Task to complete -
An exact copy is all that is wanted: the lines from the one with "förfilter, förfilterhållare, rengöringsservett." through the end of the listing below, both included, minus any pictures.

★ ★ ★ ★ ★

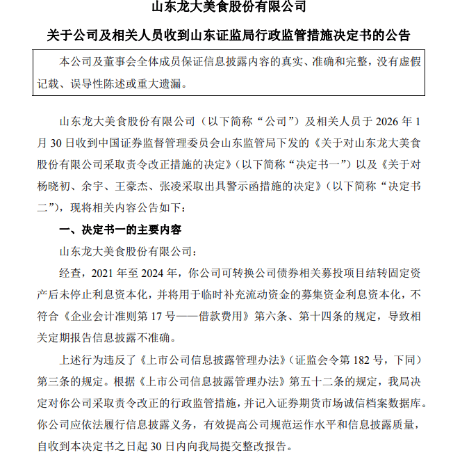 中国证券监督管理委员会山东监管局(下称“山东监管局”)下发的决定书显示,2021年至2024年,龙大美食可转债相关募投项目结转固定资产后未停止利息资本化,并将用于临时补充流动资金的募集资金利息资本化,不符合相关规定,导致相关定期报告信息披露不准确。
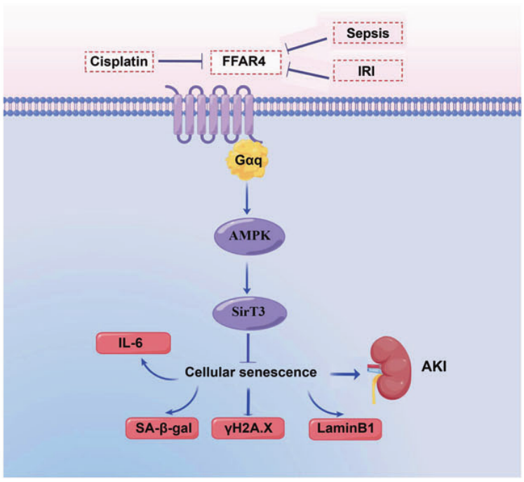 FFAR4在AKI細胞衰老中的示意圖
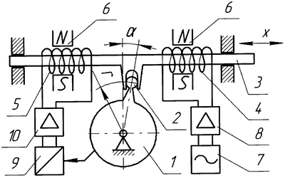 Схема предлагаемого стенда показана на чертеже, где 1 – платформа для установки испытуемого объекта, 2 – шарнир, 3 – якорь, 4, 5 – катушки, жестко закрепленные на якоре, 6 – магнитная система, 7 – задающий генератор, 8 – усилитель, 9 – датчик угла поворота, 10 – усилитель.
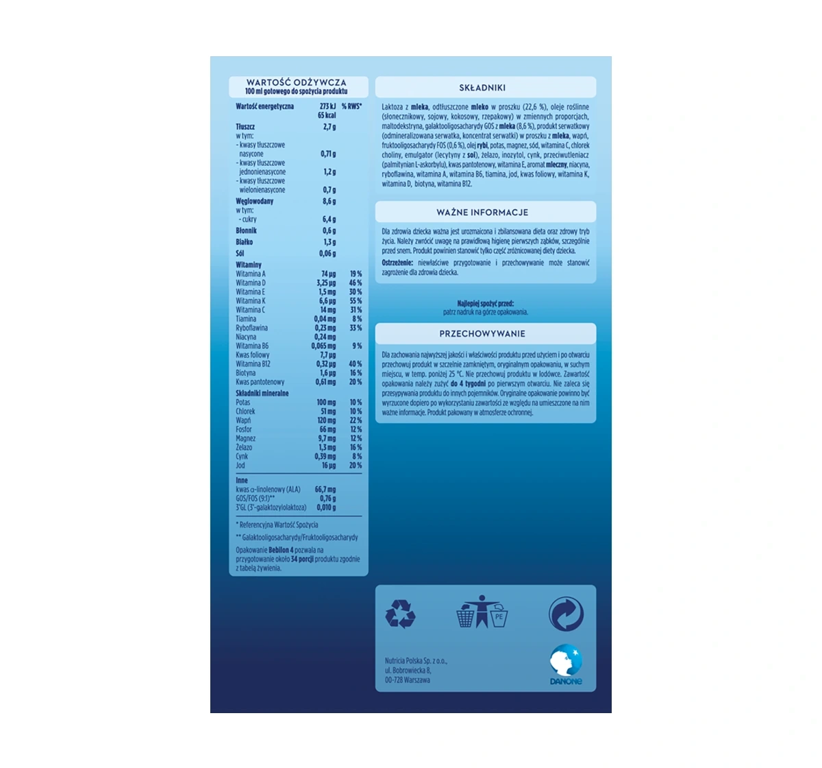 Inhaltsstoffe: Laktose aus Milch, entrahmtes Milchpulver (22,6%), Pflanzenöle (Sonnenblumen-, Soja-, Kokos- und Rapsöl) in variierenden Proportionen, Maltodextrin, Galaktooligosaccharide GOS aus Milch (8,6%), Molkenprodukt (entmineralisierte Molke, Molkenkonzentrat) in Pulverform aus Milch, Kalzium, Fruktooligosaccharide FOS (0,6%), Fischöl, Kalium, Magnesium, Natrium, Vitamin C, Cholinchlorid, Emulgator (Sojalecithine), Eisen, Inositol, Zink, Antioxidans (Ascorbylpalmitat), Pantothensäure, Vitamin E, Milcharoma, Niacin, Riboflavin, Vitamin A, Vitamin B6, Thiamin, Jod, Folsäure, Vitamin K, Vitamin D, Biotin, Vitamin B12.
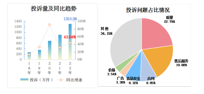 2022年,全国市场监管部门受理消费者投诉1310.38万件,同比增长43.84%,增速较2021年有所放大。从投诉问题看,质量298.70万件、售后服务248.96万件、合同115.91万件、食品安全109.06万件,合计占投诉的58.96%。其中,售后服务问题增长最快,群众反映最强烈,同比增长57.67%。
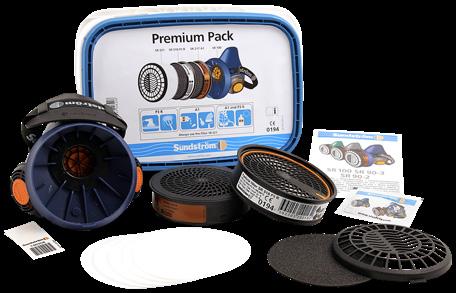 Innehåller: halvmask, partikelfilter, gasfilter, förfilter, förfilterhållare, rengöringsservett.
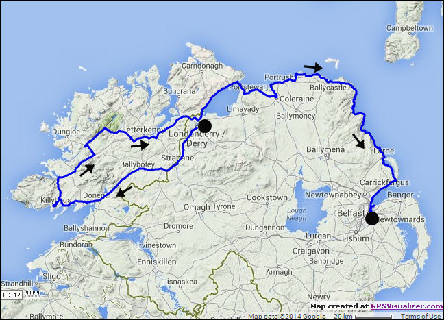 Ireland cycle ride: Derry, Killybegs, Foyle Ferry, Giant's Causeway, Belfast. Fri 13 Jun - Thu 19 Jun 2014
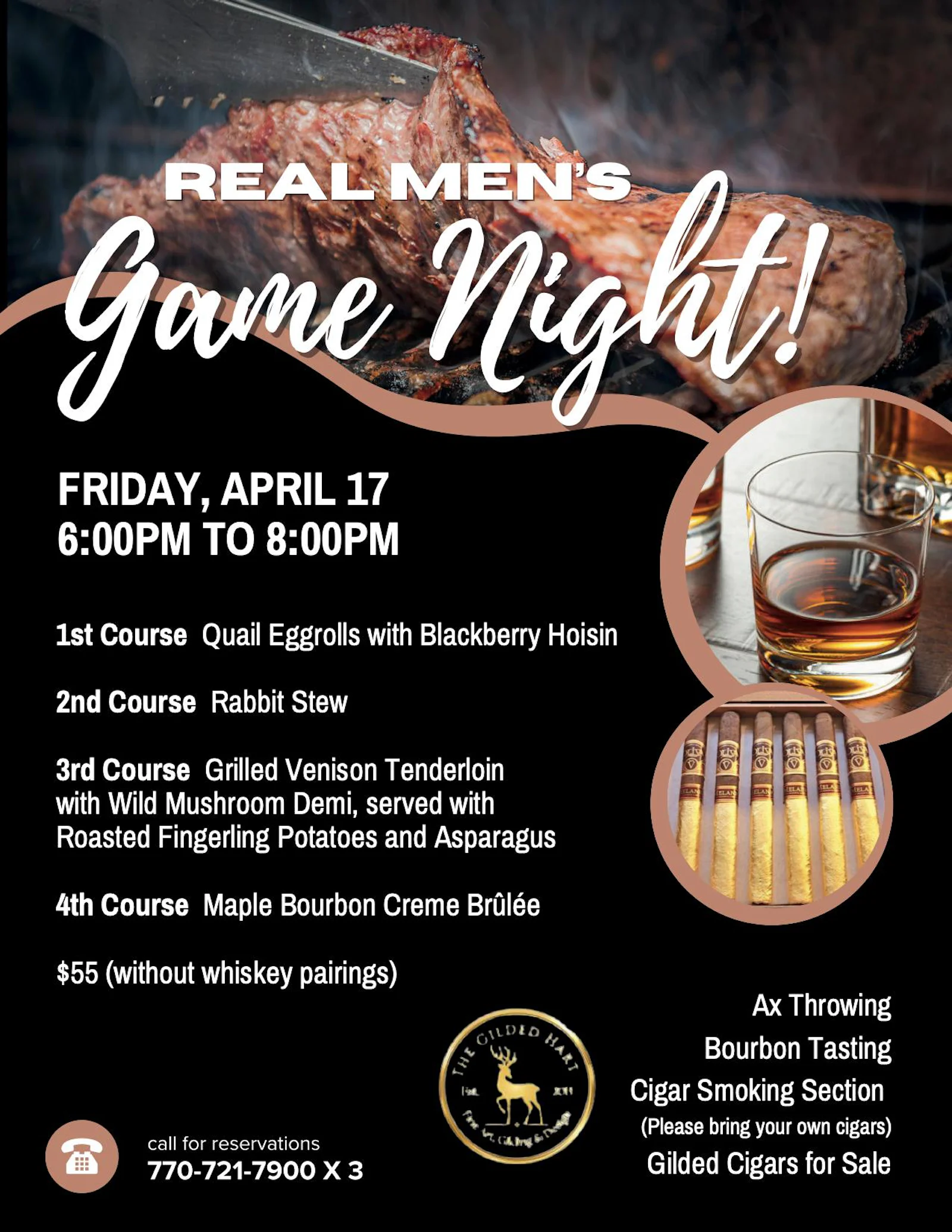 In addition to Ax Throwing, Bourbon Tasting, and a Cigar Smoking Section, you can indulge in a 4 course meal of quail, rabbit, and venison.
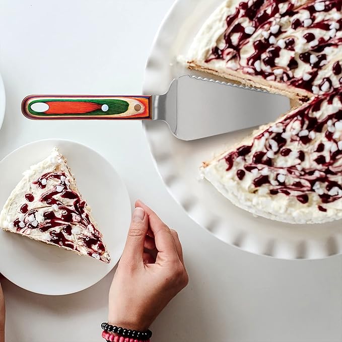 - BEAUTIFUL & FUNCTIONAL: Stylish cake server fashioned with an easy-to-hold and vibrant birch wood handle that provides the most comfortable and sturdy grip for any level of cutting jobs

★ ★ ★ ★ ★

Expected answer -
 Innehåller: halvmask, partikelfilter, gasfilter, förfilter, förfilterhållare, rengöringsservett.
 Ireland cycle ride: Derry, Killybegs, Foyle Ferry, Giant's Causeway, Belfast. Fri 13 Jun - Thu 19 Jun 2014
 In addition to Ax Throwing, Bourbon Tasting, and a Cigar Smoking Section, you can indulge in a 4 course meal of quail, rabbit, and venison.
 - BEAUTIFUL & FUNCTIONAL: Stylish cake server fashioned with an easy-to-hold and vibrant birch wood handle that provides the most comfortable and sturdy grip for any level of cutting jobs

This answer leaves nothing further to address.